Lately, I was working on a side project — uncertainties of geo-feature modeling on DGGS. The main goal for that project was to compare the geometric measurements and topological relationships among different configurations and granularities. To be clear here, DGGS grids are generated from inversely projecting planar cells to spherical cells instead of a simple tessellation process on a 2D plane. As one of the state-of-the-art DGGS implementations, the open-source R library dggridR provided all functions I need to generate DGGS grids within a certain region. However, to model a specific line feature (intersect grids with lines) and visualize the results seems to be more convenient in a professional GIS environment (e.g., ArcGIS). Thus, I think it would be good to work in both environment with an efficient bridge (e.g., the R library arcgisbinding). In this blog, I would like to show my way to model line features on DGGS cells in the context of ArcGIS Pro and R.

Vector data of major roads in Calgary, Canada were gained from the Open Calgary, the city of Calgary’s open data portal. In this blog, nine roads in the district 707G of Calgary were used as an example to show how the whole process worked. The roads have three types — Avenue, Street, and Trail, among which avenues are west-east directed, and the others are north-south directed. The original length for each road was calculated via geodesic distances (m). The length after conversion (m) was also calculated for the sample line features. In this experiment, the length after conversion was measured as the sum of straight-line-distances (geodesic) of cell centroids for the individual line feature.

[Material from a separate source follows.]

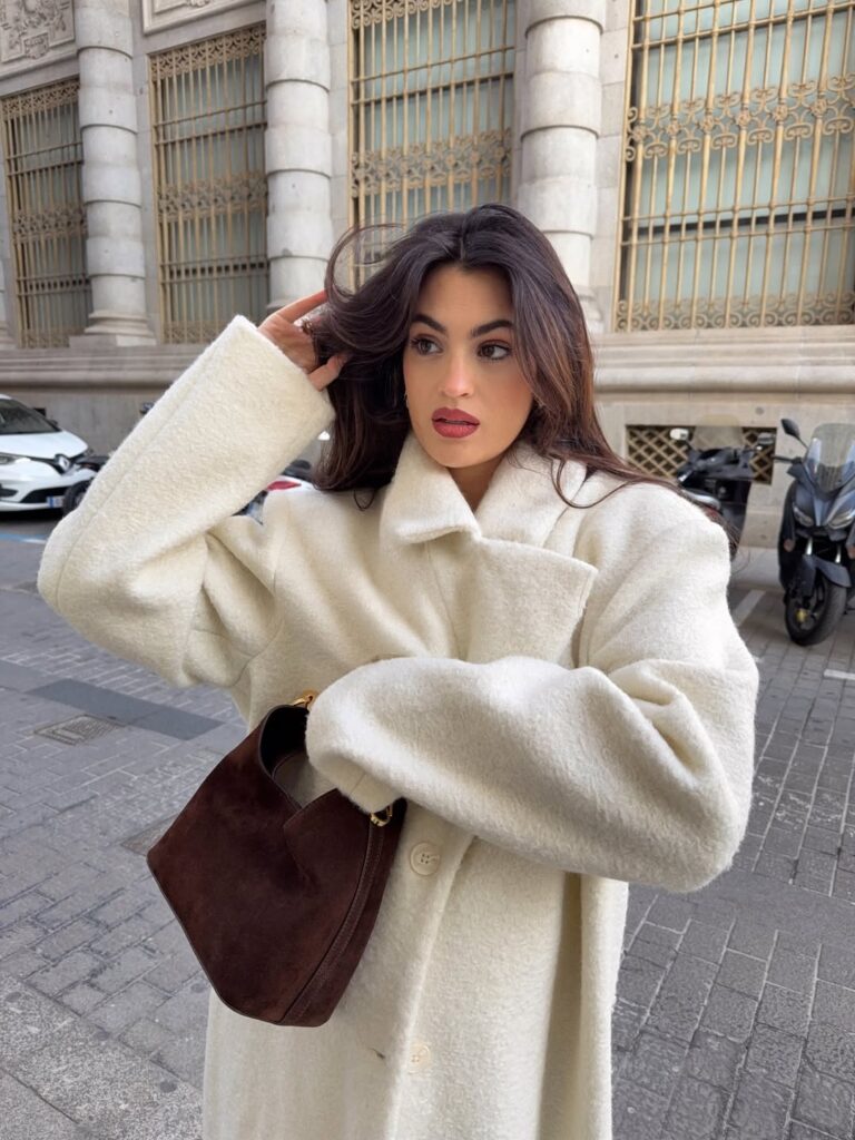 Este abrigo largo en tono piedra de la marca española IPA BRAND es el equilibrio perfecto entre elegancia y diseño atemporal. Su corte recto dibuja una silueta limpia y estilizada, mientras que la longitud aporta presencia y versatilidad, convirtiéndolo en una opción para cualquier ocasión. El cuello mandarín y las líneas depuradas refuerzan su estética minimalista y moderna, haciendo que se integre con facilidad en cualquier armario. Para combinarlo, lo imagino con un jersey de punto fino en tonos neutros, pantalones de lana o jeans oscuros, botas altas de cuero y un bolso estructurado. También puede funcionar sobre un vestido midi y botines para un look más femenino y elegante.

Figure 1. Nine target roads to be modeled in the district 707G, Calgary

Step 1. Generate DGGS grids with three different configurations covering the study area in the R environment

# Load libraries
library(dggridR)
library(rgdal)
library(ggplot2)

# Read the dataset
dsn.road = "H:\\UCalgary Courses\\ECCE_UC\\ECCE_Blog_2020Winter\\Data\\MajorRoads.shp"
MajorRoads = readOGR(dsn.road, layer="MajorRoads")

# Visualize the dataset
ggplot() +
  geom_polygon(data=MajorRoads, aes(x=long, y=lat, group=group), size = 1, fill=NA, color="black") + 
  scale_y_continuous(name = "Longitude") + scale_x_continuous(name = "Latitude") +
  theme_classic() + coord_equal()

# Construct DGG objectS
dggs.ISEA4H.20 = dgconstruct(projection = "ISEA", aperture = 4, topology = "HEXAGON", res = 20, precision = 7)
dggs.ISEA4T.20 = dgconstruct(projection = "ISEA", aperture = 4, topology = "TRIANGLE", res = 20, precision = 7)
dggs.ISEA4D.20 = dgconstruct(projection = "ISEA", aperture = 4, topology = "DIAMOND", res = 20, precision = 7)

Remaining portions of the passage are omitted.